What the task asks = Restate exactly, and only, the lines from the one containing "1: Bonnet Chipped Multiple Chips" through the end of the entries, keeping both endpoints.

(Beginning of Exercise inputs)

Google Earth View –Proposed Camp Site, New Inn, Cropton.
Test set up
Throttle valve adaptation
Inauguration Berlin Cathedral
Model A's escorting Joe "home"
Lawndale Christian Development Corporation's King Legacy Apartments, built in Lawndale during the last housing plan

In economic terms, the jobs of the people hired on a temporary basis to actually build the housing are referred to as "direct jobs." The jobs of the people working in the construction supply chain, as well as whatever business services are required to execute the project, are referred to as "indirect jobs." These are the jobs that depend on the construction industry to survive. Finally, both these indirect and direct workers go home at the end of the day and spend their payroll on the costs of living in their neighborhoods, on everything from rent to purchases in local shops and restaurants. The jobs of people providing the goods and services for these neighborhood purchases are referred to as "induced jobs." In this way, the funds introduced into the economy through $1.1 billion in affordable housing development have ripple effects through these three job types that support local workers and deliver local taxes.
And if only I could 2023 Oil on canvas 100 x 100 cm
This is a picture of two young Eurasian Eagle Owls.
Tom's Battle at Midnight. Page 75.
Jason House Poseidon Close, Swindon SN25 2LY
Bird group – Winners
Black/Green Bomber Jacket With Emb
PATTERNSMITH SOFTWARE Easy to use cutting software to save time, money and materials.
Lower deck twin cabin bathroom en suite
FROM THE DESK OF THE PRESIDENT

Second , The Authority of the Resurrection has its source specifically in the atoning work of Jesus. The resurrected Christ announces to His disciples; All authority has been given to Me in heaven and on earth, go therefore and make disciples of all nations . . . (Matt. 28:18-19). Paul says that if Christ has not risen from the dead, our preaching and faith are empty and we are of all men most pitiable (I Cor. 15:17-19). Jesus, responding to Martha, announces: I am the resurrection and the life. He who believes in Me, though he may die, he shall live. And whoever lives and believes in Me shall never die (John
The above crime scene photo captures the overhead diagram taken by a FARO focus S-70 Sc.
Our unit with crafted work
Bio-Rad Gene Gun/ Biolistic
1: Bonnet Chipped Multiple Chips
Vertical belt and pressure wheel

(End of Exercise inputs)

Problem solution =
1: Bonnet Chipped Multiple Chips
Vertical belt and pressure wheel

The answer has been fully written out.